Criticisms have also been aimed at what was happening off-screen. Barton was 18 when she landed the part, with the rest of the fab four being in their early 20s. She became a 00s It girl, gracing the covers of Elle and Vogue – a poster girl for that moment in time. “It was a rocket ship, I think we all kind of hung on for dear life,” McKenzie said of the experience. “I’m just so glad you all survived, seriously,” Gallagher has said about the young cast’s fame. “I was worried about you guys the whole time .”

Barton left the show at the end of season three, which left such a hole in the series that it ended after its next – disappointingly woeful – run. A couple of years ago, Barton discussed “bullying from some of the men” on set and later revealed in a personal essay that she felt pressured by society and the media to lose her virginity because “the kids in the show were quintessential rich, privileged American teenagers drinking, taking drugs and, of course, having sex” and she felt a need to live up to that. She said: “I felt controlled within an inch of my life. At the same time, nobody was happy that there was so much media attention on me over other cast members … It was really when I started dating that the press started coming for me.”

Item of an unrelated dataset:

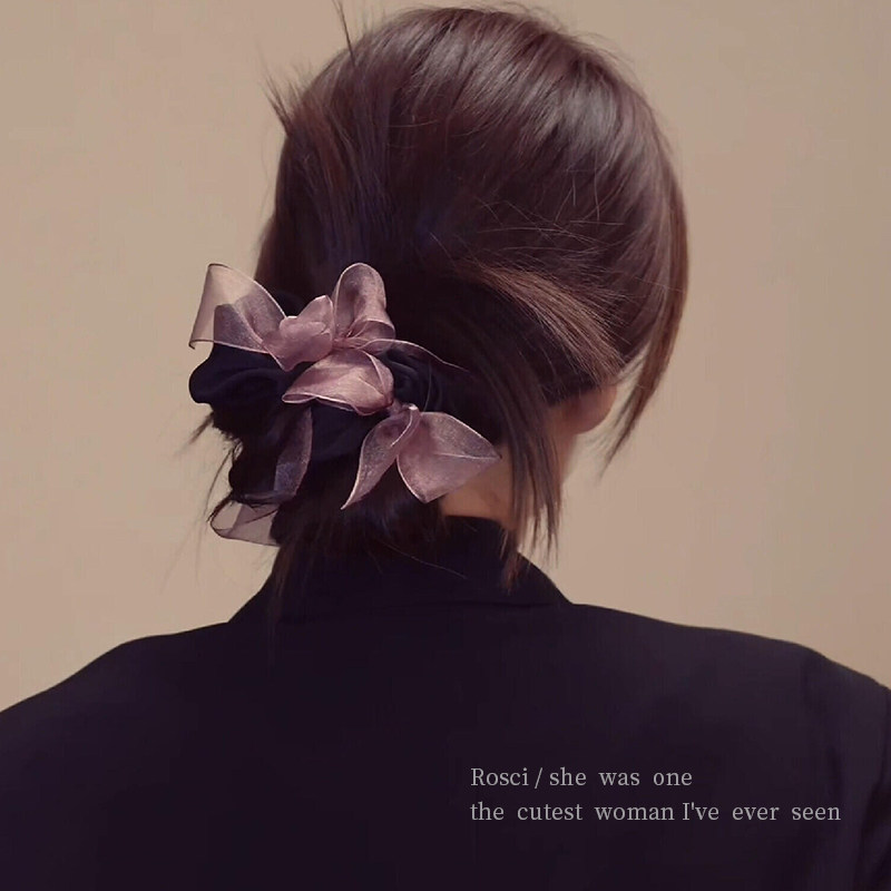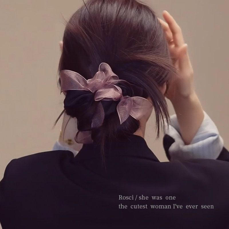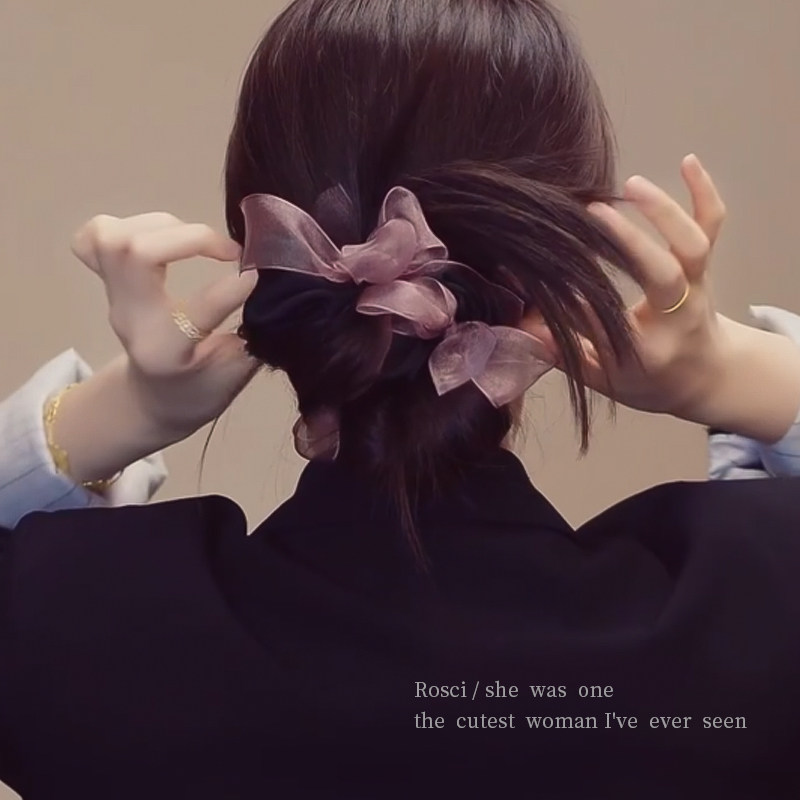明星同款蝴蝶结网纱大肠发圈女2026新款高级设计感扎丸子头绳发饰

Mischa Barton and Olivia Wilde in The OC.
Mischa Barton and Olivia Wilde in The OC. Photograph: You Tube

This demands a second look at how young women in the media were treated while making such classic shows (“I think a lot of people deserve apologies for the things that were done to them at that time,” Barton said in 2021). But, earlier this year, she shared a fondness for the series when she joined her former co-stars Bilson and Clarke on their hit podcast, Welcome To The OC, Bitches! (the success of which shows just how much love there still is for the series), to take a celebratory look at her favourite Marissa moments. It has had more than 218,000 views on YouTube alone.

The highlights? Marissa screaming at Julie by the pool! The Ferris wheel kiss! (Ryan was scared of heights.) Both honourable mentions alongside those already detailed above. But it is Marissa’s death – which Barton claims she hadn’t seen since it first aired – that brings all three former leading women of Newport Beach to tears. “That middle part is really painful, when she asks him to stay with her,” Barton sobs. “I don’t want to see the part where he gets all emotional, I’m done now.”

When The OC ended in 2007, Schwartz took his concept of the outsider landing in an elite world to the east coast in Gossip Girl, which began the following year, and enjoyed global success. When it was rebooted in 2021, it received a tepid response. Could a reboot of The OC be on the cards? Speaking on a podcast earlier this year, Schwartz and Savage explained that they were not going to do that: “The OC was really just kind of specific to these characters and it feels like we made something, we’re really grateful that 20 years later, people are still watching the show and still want to talk about the show. And we’re just going to leave it right there.”